出棺の際、拍手で故人を見送る佐野史郎(左端)、井浦新(右端)ら参列者

 12日に都内で交通事故に遭い、17日に多発外傷のため76歳で亡くなった映画監督の若松孝二(わかまつ・こうじ、本名伊藤孝=いとう・たかし)さんの葬儀・告別式が24日、東京都港区の青山葬儀所で営まれた。井浦新(38)、寺島しのぶ(39)ら作品に出演した“若松組”の俳優ら約600人が参列。井浦は「最後の別れになるとは」と涙。寺島は「かけがえのない時間でした」としのんだ。出棺は参列者が拍手で送った。

 反骨の映画監督の幕切れは盛大な拍手だった。出棺は遺族の意向で、監督が気に入っていたギリシャの巨匠アンゲロプロス(故人)の映画「旅芸人の記録」のシーンのように、参列者が拍手で送った。若松監督が生前、息子のようにかわいがっていた井浦も、10年公開の映画「キャタピラー」で主演してベルリン国際映画祭で最優秀女優賞を受賞した寺島も懸命に手を叩き続けた。

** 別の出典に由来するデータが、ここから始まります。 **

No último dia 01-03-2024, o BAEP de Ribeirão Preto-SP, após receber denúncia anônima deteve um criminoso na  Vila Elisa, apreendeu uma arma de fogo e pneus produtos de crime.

 弔辞では、井浦がメモなど持たず、監督のトレードマークだったサングラス姿の遺影の前に立ち、約15分も語りかけた。

 事故が起きる直前の今月12日夜に東京・新宿のそば店で食事。「監督をタクシーに乗せて、見送った背中が最後の別れになるとは考えもしませんでした。見送った数分後に事故に遭われ、痛かったでしょう」。こらえられずに涙で声を詰まらせた。

 6年前、監督に“若松組入り”を直訴する電話をしてから始まった付き合い。08年の「実録・連合赤軍 あさま山荘への道程」以来、今年6月に公開された主演作「11・25自決の日 三島由紀夫と若者たち」、遺作の「千年の愉楽」(来春公開)など、最近では常連として5作品に出演。監督と俳優としてだけではなく、プライベートでも気が合った。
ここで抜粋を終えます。